DATA LISTING =
:::

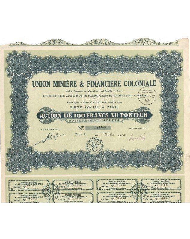 Union Minière & Financière Coloniale. 1928
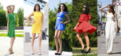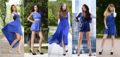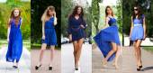 Kolaż z pięciu pięknych modeli w niebieska sukienka
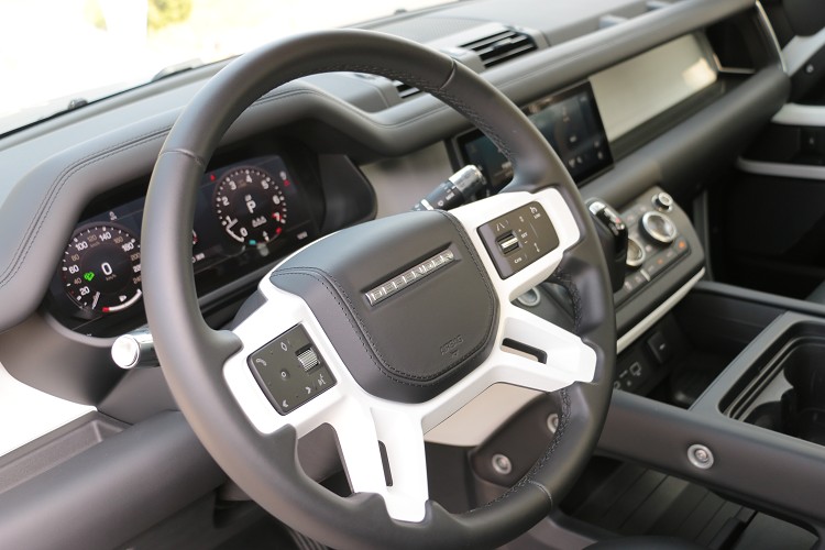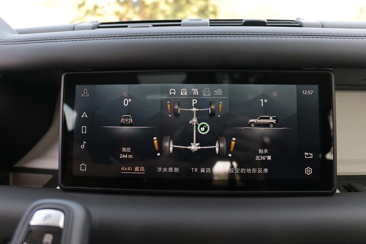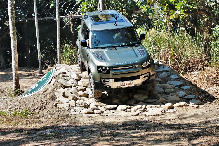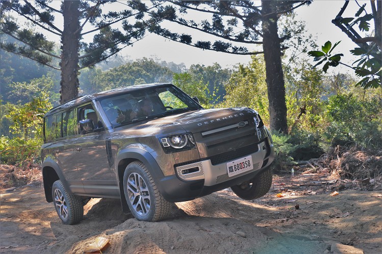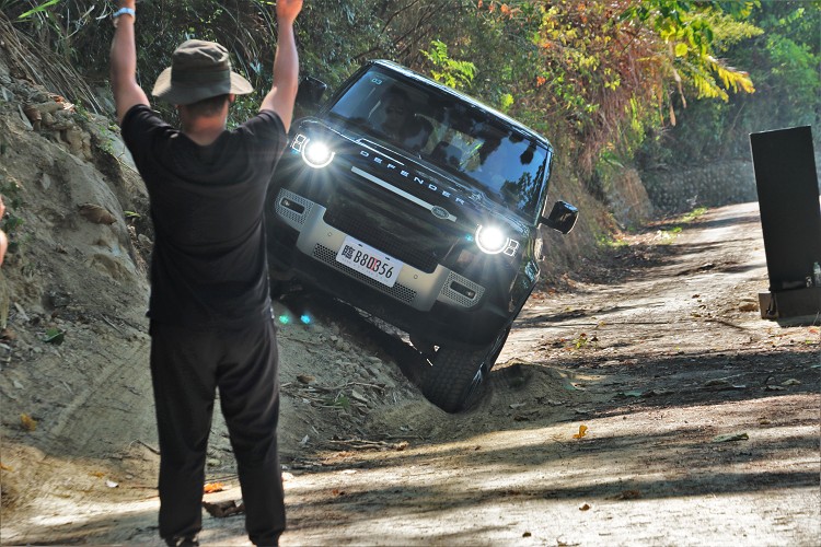 硬派、經典的越野車,當然最在乎的就是功能性,此次原廠刻意安排媒體在一個封閉場地裡,感受新世代Defender強大功能。場地內規劃險降坡、水坑、泥濘道路、砲彈坑、側傾斜坡等,是一個非常嚴峻的環境,但對於Defender來說都算是小菜一疊。在進入非鋪裝路面時,調整相對應的越野模式,這時候電腦會自動偵測,四輪驅動系統、加力箱、中央限滑差速器便開始提供所需支援,如果偵測到大幅度落差路況,懸吊會自動升高35mm,必要情況下駕駛也能手動升高,懸吊最高行程可加高145mm,能征服各種崎嶇地形。
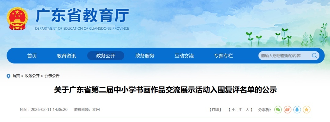 根据《广东省教育厅关于举办广东省第二届中小学书画作品交流展示活动的通知》要求,省教育厅组织专家评审,确定1910件作品入围复评。现对入围复评名单公示,公示时间为2026年2月11日至2026年2月24日。如对入围名单有异议,请在公示期内向省教育厅体育卫生与艺术教育处反映。
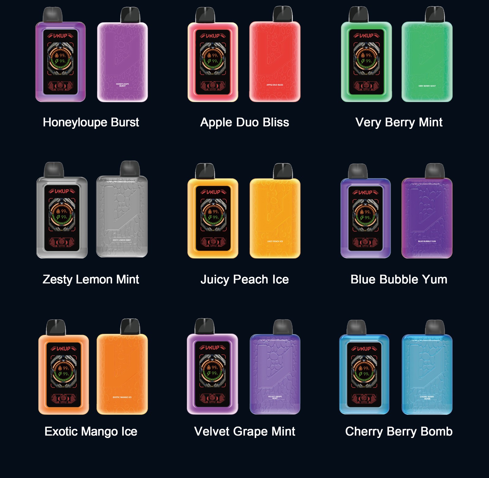 Cruchy Watermelon Ice/Minty Sweet Twist/Blue Razz Zing/Strawberry Party Punch/Winter Green/Very Berry Ice/Honeyloupe Burst/Apple Duo Bliss/Very Berry Mint/Zesty Lemon Mint/Juicy Peach Ice/Blue Bubble Yum/Exotic Mango Ice/Velvet Grape Mint/Cherry Berry Bom
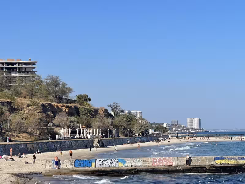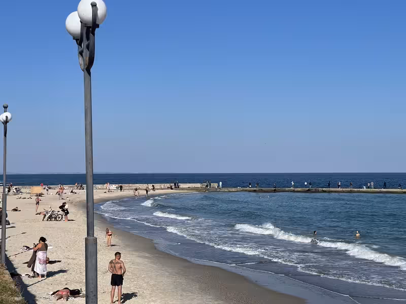 "Золотой Берег", полдень, погода сегодня комфортная, на набережной аншлаг - народ выбрался на променад, замечены купальщики, причём обоего пола.
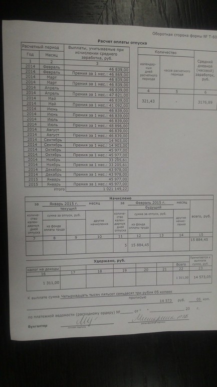 Срочно подскажите)))????Почему мужу так мало начислили отпускных Непрерывный стаж больше 15 лет, з/п 40т.р.+премия 40т.р. больше 3 лет. Больничных не было. Отпуск брал в сентябре. Мне на работе давали отпускные равносильные з/п, почему ему нет? Фото прилагаю.
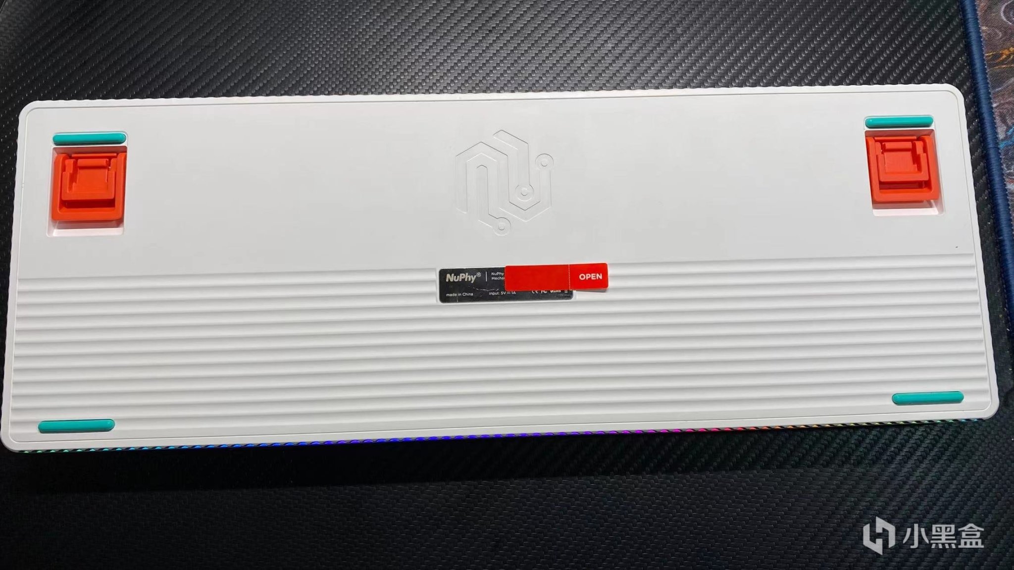 鍵盤背面就是一個兩段式腳撐,產品的logo以及一塊金屬銘牌;背面也是有一定設計的,就比如在中間的哪個logo設計以及兩邊教程做了一個撞色的設計,下方做了一個波浪的設計(雖然很像搓衣板。。。)
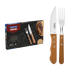 This set is made of stainless steel with longer cutting edge durability due to heat treatment. The fork prongs have more thickness and a steel stamping that ensures greater durability, preventing deformations. The set has natural wooden handles with aluminum rivets.
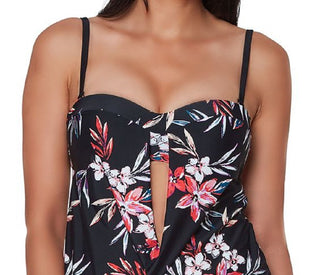 Bar III Women's Floral Print Tankini Top Swimsuit Black Size Large
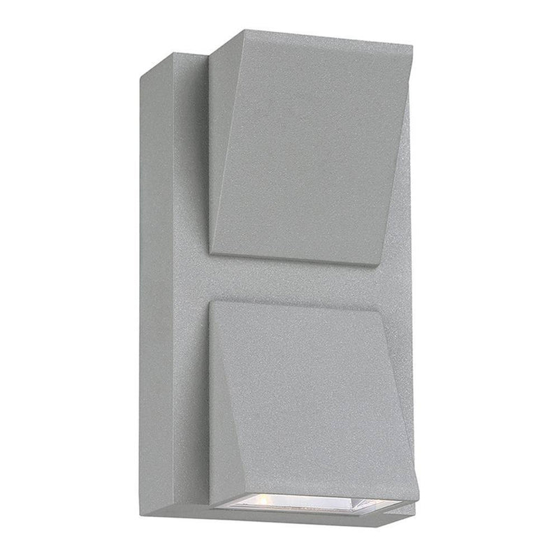 This 31582 6W LED Outdoor Wall Mount (VALLERO) by Eurofase will add a glow and texture to your outdoor walls. It features a clean design with a rectangular wall mount, having two angled structures that are fixed in upward and downward directions. These structures incorporate diffusers with LED lights at the bottom and the yellowish light forms tapered shapes on the walls. The brand presents this classic light in two different finishes- graphite grey and marine grey to choose from.
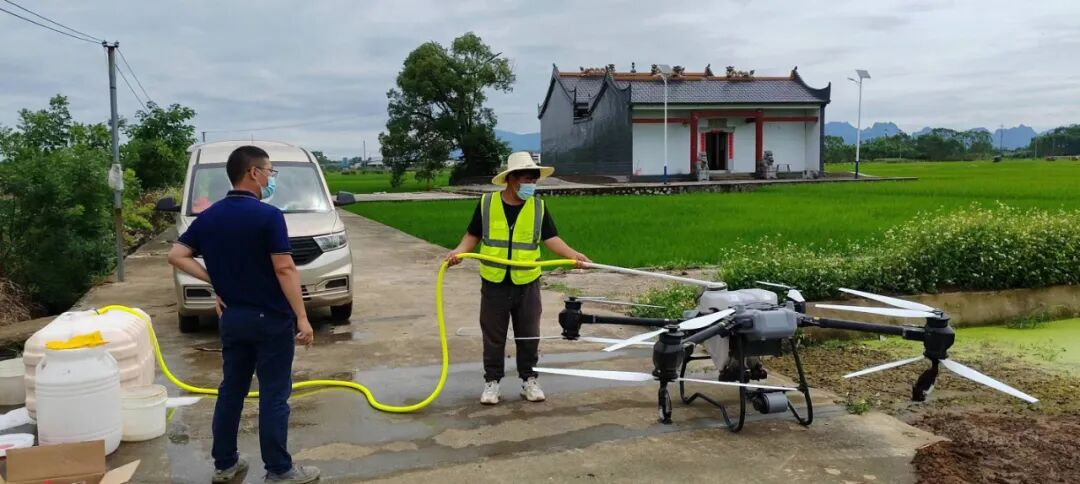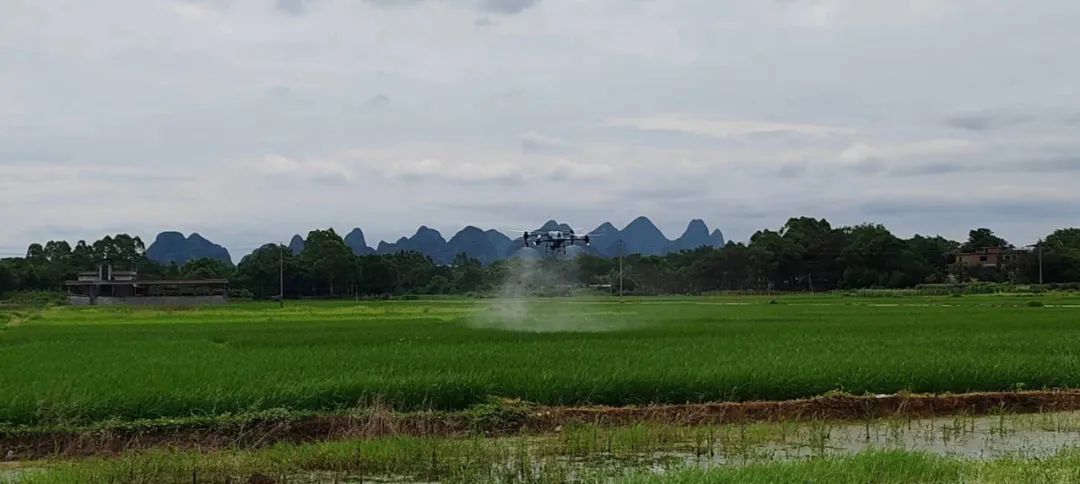 在二塘乡阳家村委潭南村、茶店村,技术人员通过遥控操作无人机,将农药均匀喷洒在早稻叶面上,实现短时间内完成0.1万亩的防治喷洒作业,有效地防治稻飞虱、稻纵卷叶螟、二化螟、水稻纹枯病及稻瘟病、玉米螟、草地贪夜蛾、其他病虫害,确保今年早稻丰产丰收。
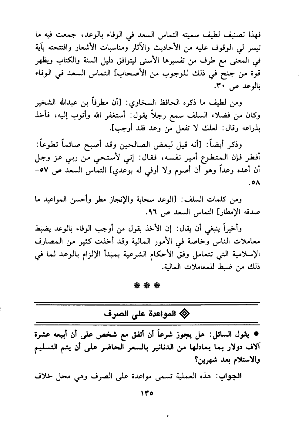 وذكر أيضاً: [أنه قيل لبعض الصالحين وقد أصبح صائماً تطوعاً: أفطر فإن المتطوع أمير نفسه. فقال: إني لأستحي من ربي عز وجل أن أعده وعداً وهو أن أصوم ولا أوفي له بوعدي] التماس السعد ص 57 - 58.
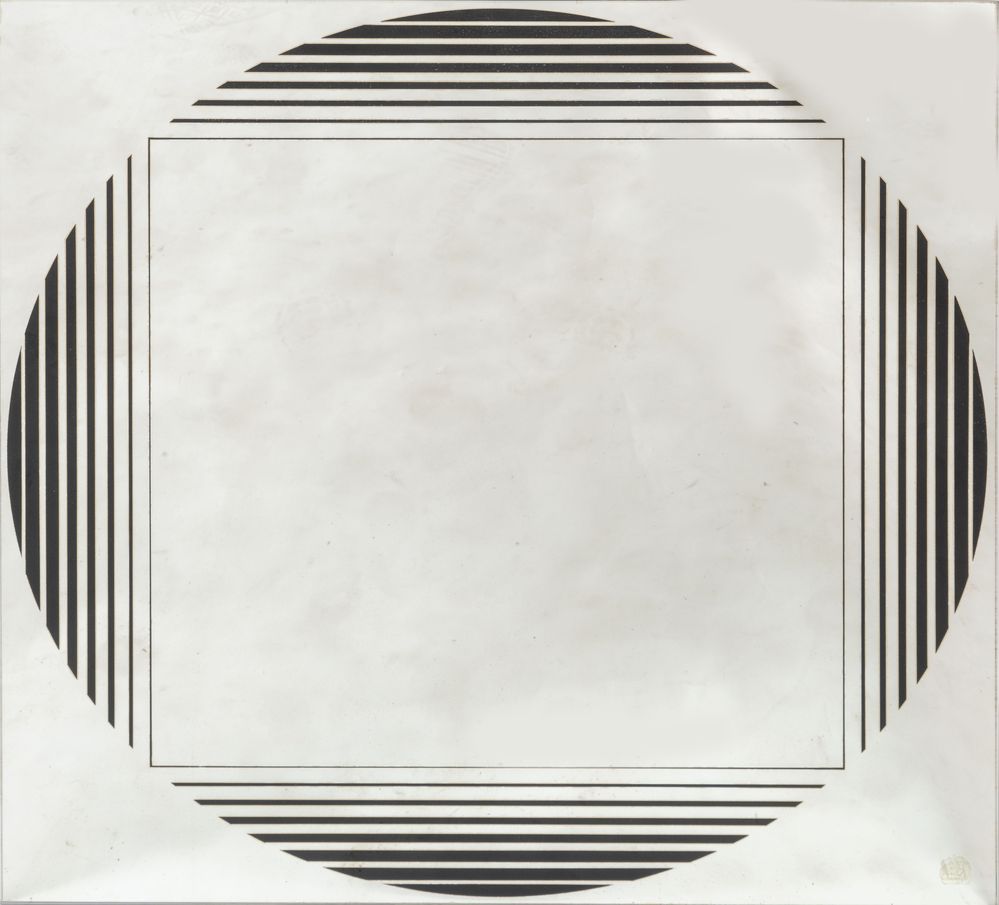 GIANNI CELADA Specchio in cristallo specchiato e legno verniciato modello 'Brama'. Prod. Fontana Arte, Italia, 1970 ca. Cm 71x71x4 Bibliografia: Fontana Arte, una storia stupenda; L. Falconi, Milano 1998, pag. 219

:::

INSTRUCTIONS TO FOLLOW = Look above for the line with "鍵盤背面就是一個兩段式腳撐,產品的log", then give again exactly every line from there through the line with "Bar III Women's", skipping the pictures.

TASK RESPONSE =
 鍵盤背面就是一個兩段式腳撐,產品的logo以及一塊金屬銘牌;背面也是有一定設計的,就比如在中間的哪個logo設計以及兩邊教程做了一個撞色的設計,下方做了一個波浪的設計(雖然很像搓衣板。。。)
 This set is made of stainless steel with longer cutting edge durability due to heat treatment. The fork prongs have more thickness and a steel stamping that ensures greater durability, preventing deformations. The set has natural wooden handles with aluminum rivets.
 Bar III Women's Floral Print Tankini Top Swimsuit Black Size Large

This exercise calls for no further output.